**Work instructions**
Your copy of the entries below should hold exactly the lines from the one containing "Description: A modern" to the one containing "特売やセール情報など最新のチ", inclusive, and no pictures.

Source records:
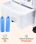 - Serbatoio da 3 litri rimovibile: Facile da riempire e pulire, con 2 panetti ghiaccio inclusi per un effetto refrigerante potenziato.
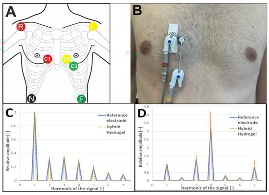 (A) Scheme of electrodes placement; (B) photo of one pair of hybrid hydrogels and reference electrodes; FFT analysis of recorded waveform of the C2 ECG signal, before (C) and after 72 h of recording (D), in absolute units.
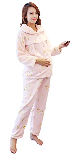 -. Title : (Miwoluna) マタニティ パジャマ ルームウェア 冬 花柄 ふわふわ もこもこ 長袖 授乳服 上下セット 前開き 温かい 暖かい 産前産後 妊婦 ウエスト調整可能
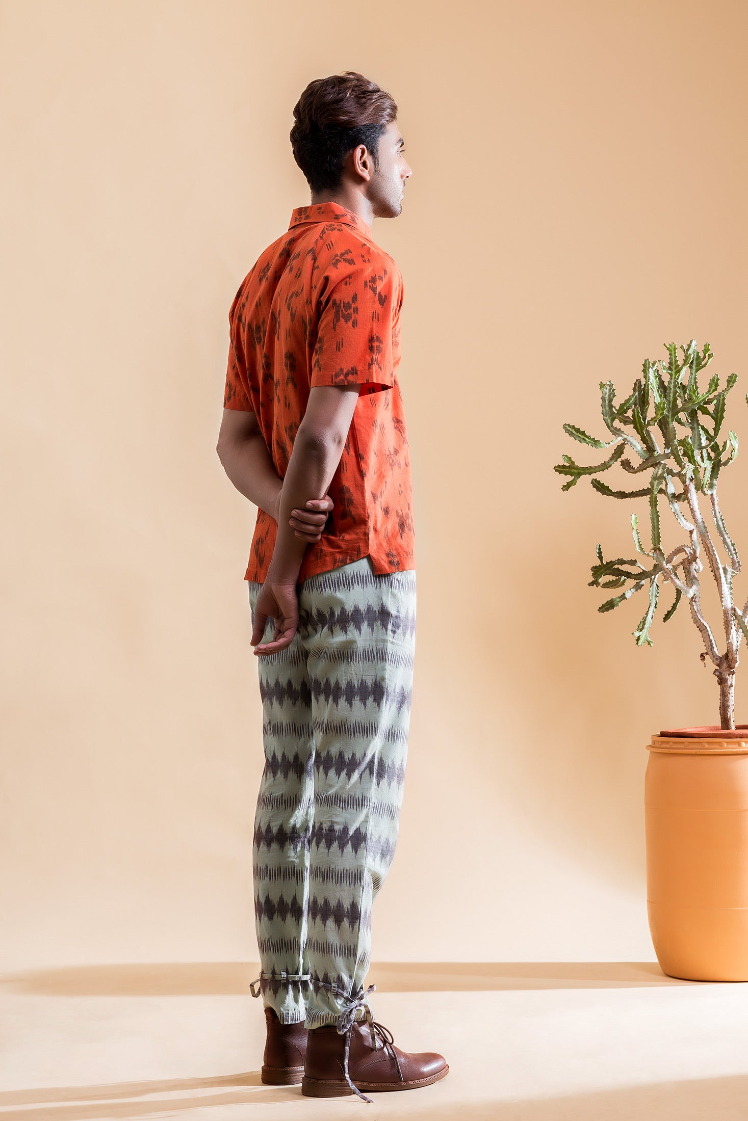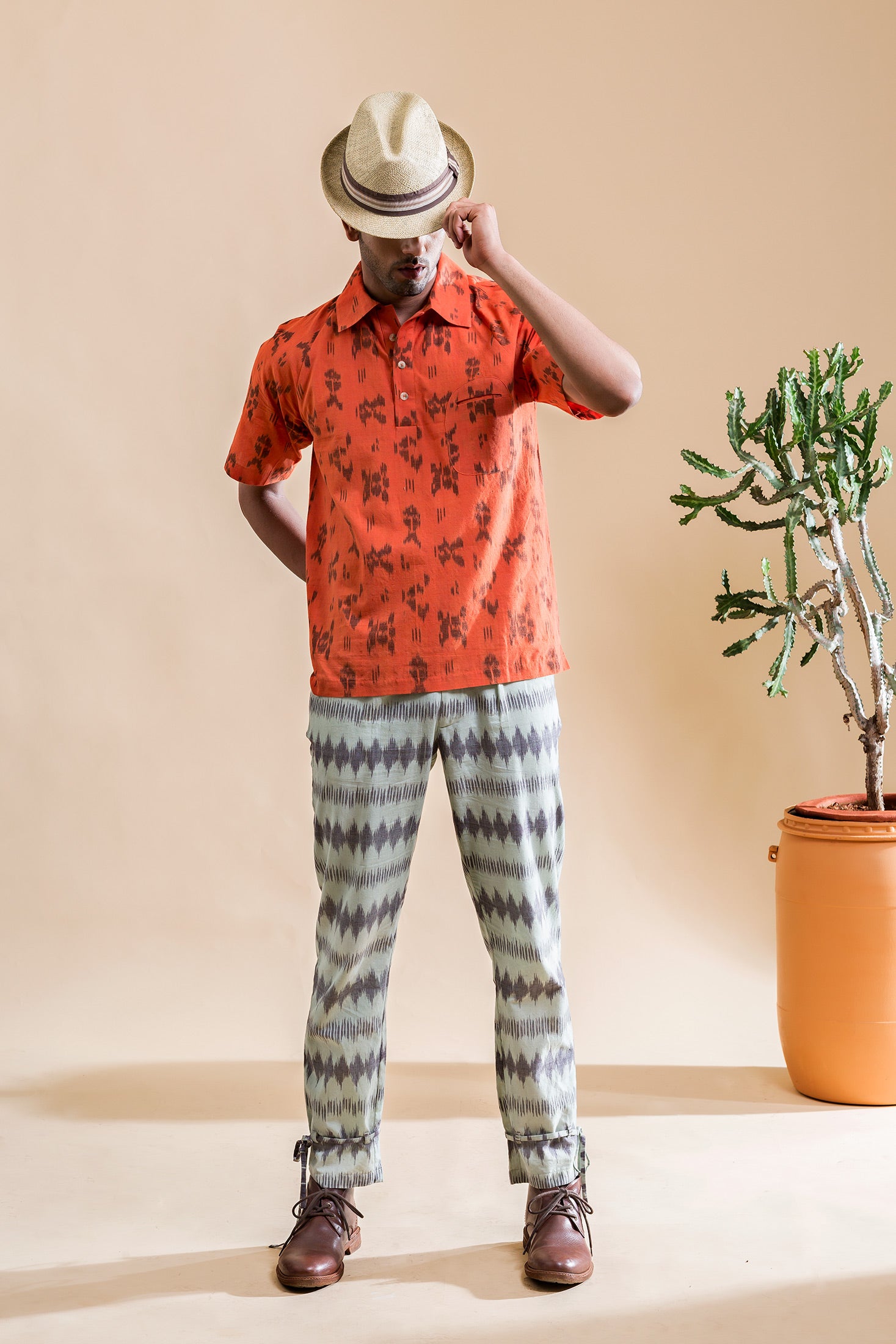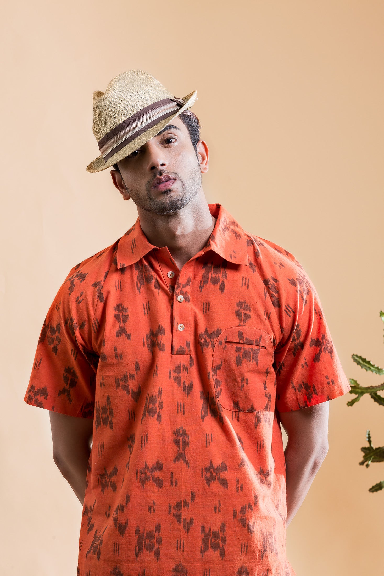 Description: A modern take on a classic t-shirt, this bold and striking ikat print t-shirt with raglan sleeves has a unique shaped top pocket.
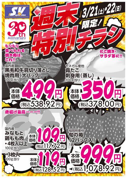 特売やセール情報など最新のチラシを掲載中。(2種類、3枚のチラシを掲載しています)
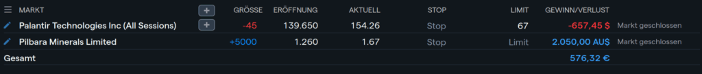 The profit is now back down at +29% (including Tesla). That’s quite a hit in the stomach compared to last week. But since I don’t trade with any stop loss or trailing loss while away from the action, it’s still an OK status. The profit that is taken in the end is of importance. I might change the limit of Palantir to around 100$ to take a profit, because that stock is full of freaks and you can never know if it’s run down to 100$ and then back up to 130$ within a day.
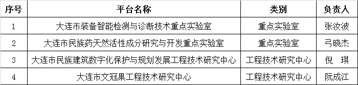 本次获批的4个科研平台,包括张汝波教授负责的“大连市装备智能检测与诊断技术重点实验室”、弓晓杰教授负责的“大连市民族药天然活性成分研究与开发重点实验室”、倪琪教授负责的“大连市民族建筑数字化保护与规划发展工程技术研究中心”、阮成江教授负责的“大连市文冠果工程技术研究中心”。上述重点实验室和工程技术研究中心的组建基于生物工程、电子信息学科研究方向或学校重点培育学科,在科学汇聚整合科研资源的基础上,充分凝练学科方向,部分平台填补了国家民委、辽宁省和大连市研究空白。评审专家在进校考察过程中,对学校的投入力度及上述平台的研究团队、科研条件、科技成果、服务能力等均给予充分肯定。

**Written answer**
 Description: A modern take on a classic t-shirt, this bold and striking ikat print t-shirt with raglan sleeves has a unique shaped top pocket.
 特売やセール情報など最新のチラシを掲載中。(2種類、3枚のチラシを掲載しています)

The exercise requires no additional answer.